Which conditioner is specifically for poodle coats, a "poodle" search on their website returned zero hits?????

Thanks for the advice
Steve


----------



## Jamie Hein (Aug 17, 2013)

I've heard Isle of Dogs Primrose works great for dry hair and skin. I like Eqyss rehydrant too... smells fantastic.


----------



## Caniche (Jun 10, 2013)

This is the conditioner I use. It doesn't say "Poodle" on the UK bottle, which is weird. In the US it says "For Poodles, Shepherds and Retrievers". Here is the matching shampoo:






And then this supposedly works really well, and it's on my list to try:

[ame=http://www.amazon.co.uk/Isle-Dogs-Primrose-Sensitive-Supplies/dp/B00II6XD20/ref=sr_1_2?ie=UTF8&qid=1404240444&sr=8-2&keywords=isle+of+dogs+primrose]Isle of Dogs Coature No. 10 Evening Primrose Oil Dog Shampoo for Dry and Sensitive Skin, 8.4- Ounces by Isle of Dogs [Pet Supplies]: Amazon.co.uk: Pet Supplies[/ame]


----------



## srpg (Jun 29, 2014)

Caniche said:


> Everyday Isle of Dogs Lush Coating, Violet + Sea Mist Dog Conditioner for Dry, Damaged and Shedding Hair, 16.9oz by Isle of Dogs [Pet Supplies]: Amazon.co.uk: Pet Supplies
> 
> This is the conditioner I use. It doesn't say "Poodle" on the UK bottle, which is weird. In the US it says "For Poodles, Shepherds and Retrievers". Here is the matching shampoo:
> 
> ...


Thanks for the detailed response, really appreciate it, Amazon here I come


----------



## Shamrockmommy (Aug 16, 2013)

One of these days I want to try Isle of Dogs from everyone's rave reviews.

My current favorite is Best Shot. I use the shampoo, conditioner and leave-in spray. They have a wonderfully invigorating minty scent, the shampoo is not overly sudsy, and it rinses cleanly. Coats come out beautiful... I have a double-coated PWD (improper coat) and a long coat Chi, the loose hair flies off them in the tub and with the dryer, and then I have a bichon and a OT poodle and it sets their hair up so nice for scissoring. Love it!

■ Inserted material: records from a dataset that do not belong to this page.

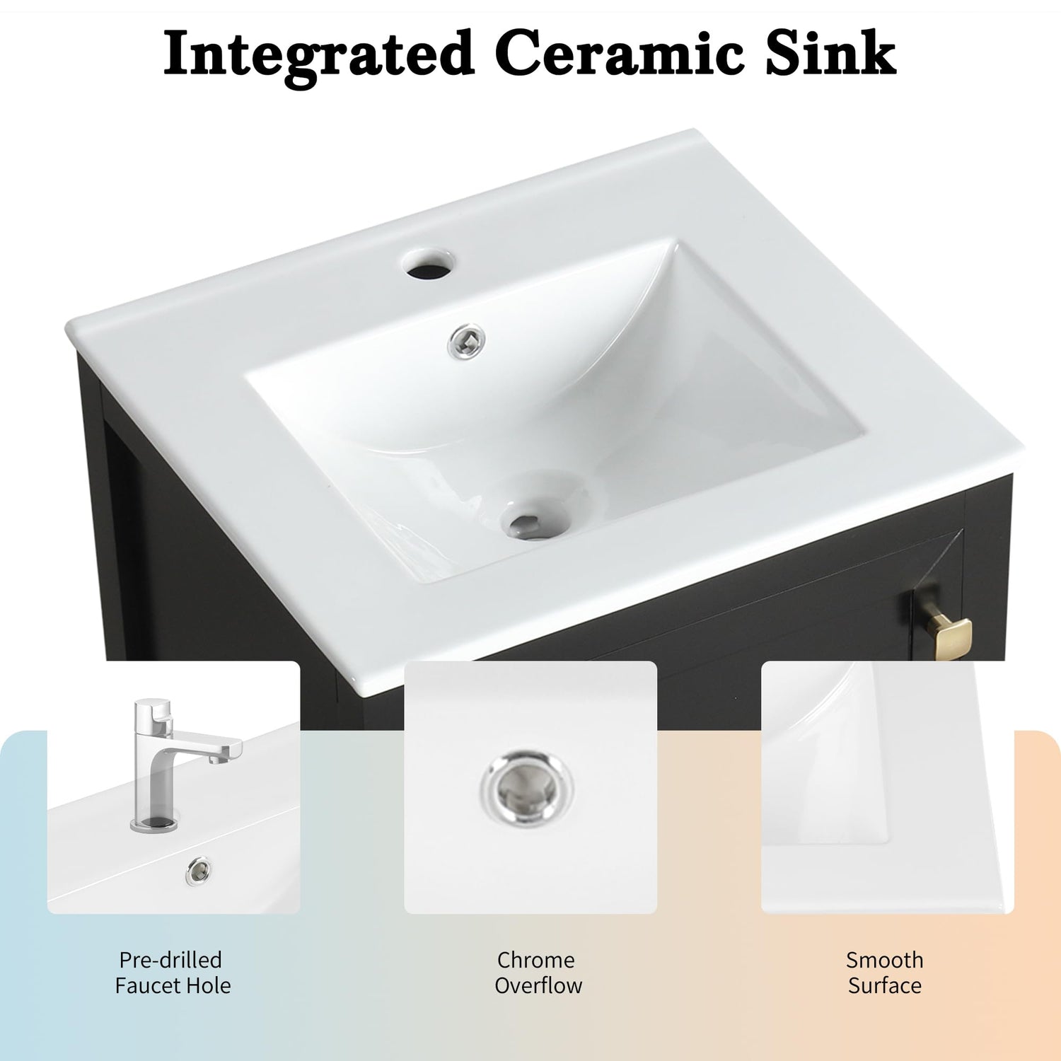20" Bathroom Vanities with Ceramic Sink, Storage Rack Shelf and One Drawer, Solid Wood & MDF Board, Black
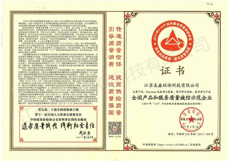 2017年全國產(chǎn)品和服務(wù)質(zhì)量誠信示范企業(yè)-家用商用成套產(chǎn)品
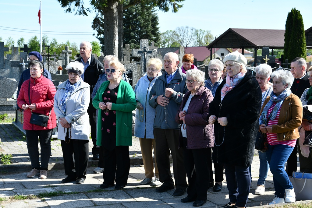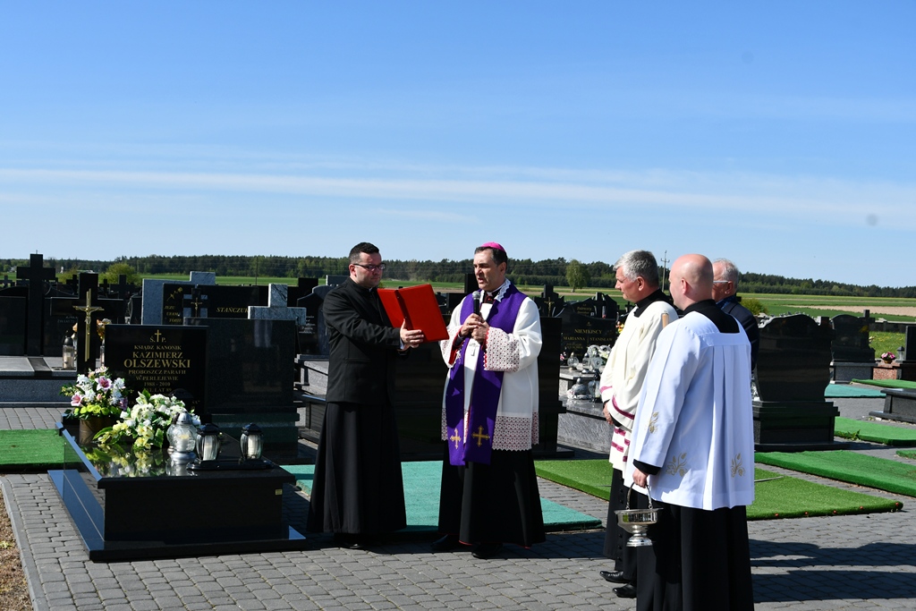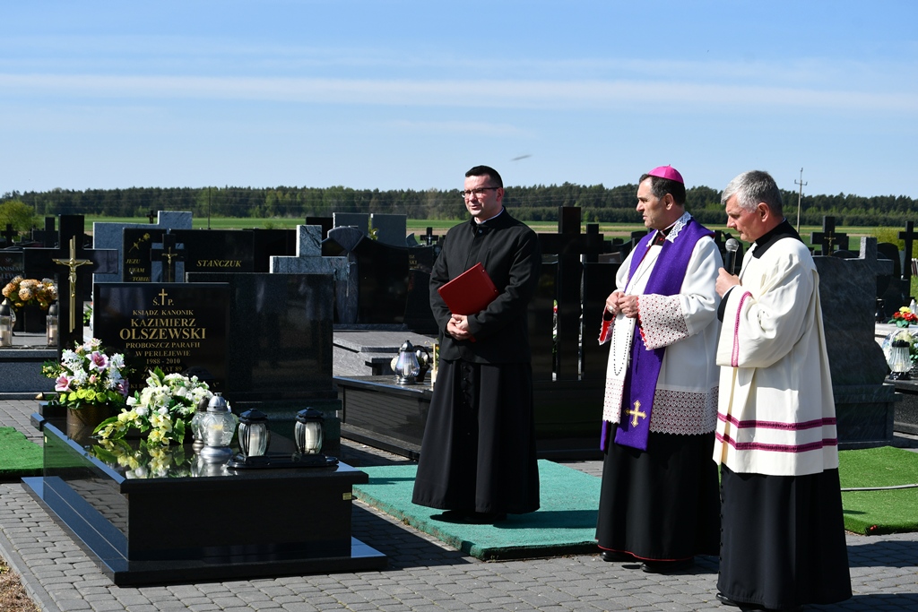 Zakończenie wizytacji stanowiło modlitewne spotkanie na cmentarzu parafialnym. Podczas procesji z kościoła modlono się Koronką do Bożego Miłosierdzia. Procesja zatrzymała się przy grobie ks. kan. Kazimierza Olszewskiego – wieloletniego proboszcza perlejewskiej parafii. Biskup odmówił specjalne modlitwy w intencji zmarłych. Podziękował również za dbałość o ład i porządek na cmentarzu.

In the past I liked Mane N Tail, Frieburgs Horse Salon shampoo/conditoiner (this one is good to get smelly dog smell out, and yes, safe for dogs), Cowboy Magic, even used Treseme in a pinch. 

I order Best Shot off their own website, it's more expensive everywhere else.


----------



## Marcie (Aug 2, 2011)

srpg said:


> Hi, trying to find a shampoo/conditioner combination for my rather dry haired black miniature Sam, been searching in this sub forum but most of the relevant posts are frustratingly vague as to specific products, e.g. use a “good” or a “quality” shampoo/conditioner.
> Preferably a reasonably big brand which is more likely to be available in the UK, anyone had any experience of K9 competition blackness shampoo or at least the K9 brand?
> Also is bathing every week or two appropriate for a very active, i.e. frequently muddy dog?
> Thanks for any help
> Steve


There was another thread with a question about shampoos and I responded:

I am very careful as to what I use on Sasha's skin because of her allergies.

The doctor recommended I use Virbac-Epi-Derm Shampoo (rinses off easily, no residue) and I follow with the Virbac-Resicort leave in conditioner to moisturize her skin (she has very dry skin that if I don't moistureize will flake). I also bathe her once a week per the doctor's recommendation.

You can probably order it through Amazon.


----------



## CharismaticMillie (Jun 16, 2010)

I love Pure Paws!


----------



## srpg (Jun 29, 2014)

Thank you everybody, that gives me plenty to work on, so much better to speak to people who have actually used the products, will see what are available in uk and report back on Sam's itching and coat condition.
Steve


----------